Math/science majors should not get pregnant. -This has nothing to do with gender issues; this is about peace of mind, even sanity.
Ever since getting pregnant I've wondered if I could just come up with the right combination of foods to eat, foods to avoid, optimal sleep time, number of trips to the bathroom and a host of other variables - if I just get it right, I could avoid nausea, insomnia and other bad things associated with early pregnancy.
Last night I confess I actually started thinking in mathematical terms. --If I take an integral over time from zero to nine months and make sure there are multiplying factors for family history and difficulty of pregnancy, factor in the variables... --
I'm sure some researcher somewhere would get a kick out of the resulting trial equation I created today:
9
∫ [av(i)^2][w/x)^2x + avi(b/xy) + av(cz) ≈health
0 i
I won't bore those of you who aren't math geeks, but there are actually terms there for how compounds like raffinose affect me, the way milk seems to help, and the impact of drugs on my ability to sleep through the night.
As I said, math/science majors shouldn't get pregnant. It does weird things to the brain.
My husband has been a saint in all this - making his own meals (which he usually does anyway, since he cooks more often than I do), putting up with accumulating dirty laundry and clutter, and insisting on helping out wherever he can.

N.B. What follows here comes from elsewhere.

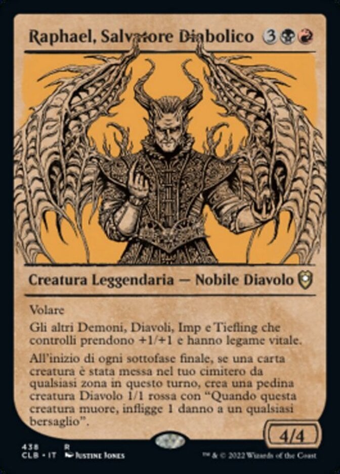| Rules | Flying Other Demons, Devils, Imps, and Tieflings you control get +1/+1 and have lifelink. At the beginning of each end step, if a creature card was put into your graveyard from anywhere this turn, create a 1/1 red Devil creature token with "When this creature dies, it deals 1 damage to any target." |

He says he's made a discovery about the 'protect/provide' switch that flipped on in his head the day we got married: it isn't a switch, but a dial. Apparently impending offspring crank the dial 'to eleven,' to quote Nigel of Spinal Tap. He's completely remodeled the upstairs bathroom, drawn hot baths for me, provided shoulder rubs, and willingly reads through pregnancy books with me. I married a prince among men, beyond a doubt.
I've grumbled a bit (to myself, spouse and friends) about the changes necessary during pregnancy; some have been harder than others. Though I like food, I'm not terribly keen on eating regularly - I'd rather read. It's hard for me to make myself eat throughout a day. Pregnancy requires me to be on a more structured timetable that's not really under my control. Though I like structure, I like it when I create it. Too often I consider freedom to be what's outside enforced structure...
Today I was reading some of Madeleine L'Engle's book, A Circle of Quiet, and I came on these words:
'It is our bones, our structure [the skeleton] which frees us to dance, to make love. Without our structure we would be an imprisoned, amorphous blob of flesh, incapable of response. The amoeba has a minimum of structure, but I doubt if it has much fun.'
So... I must confess I don't want to claim as offspring a creature formed outside of the structures of gestational period, uterus, and human developmental cycles. If I accept the structures, there are strictures [restrictions] that result.
Upshot? I'll finish with this line and munch some ever-present unsalted soda crackers to carry my stomach through the early evening hours. Buenas noches, lectores.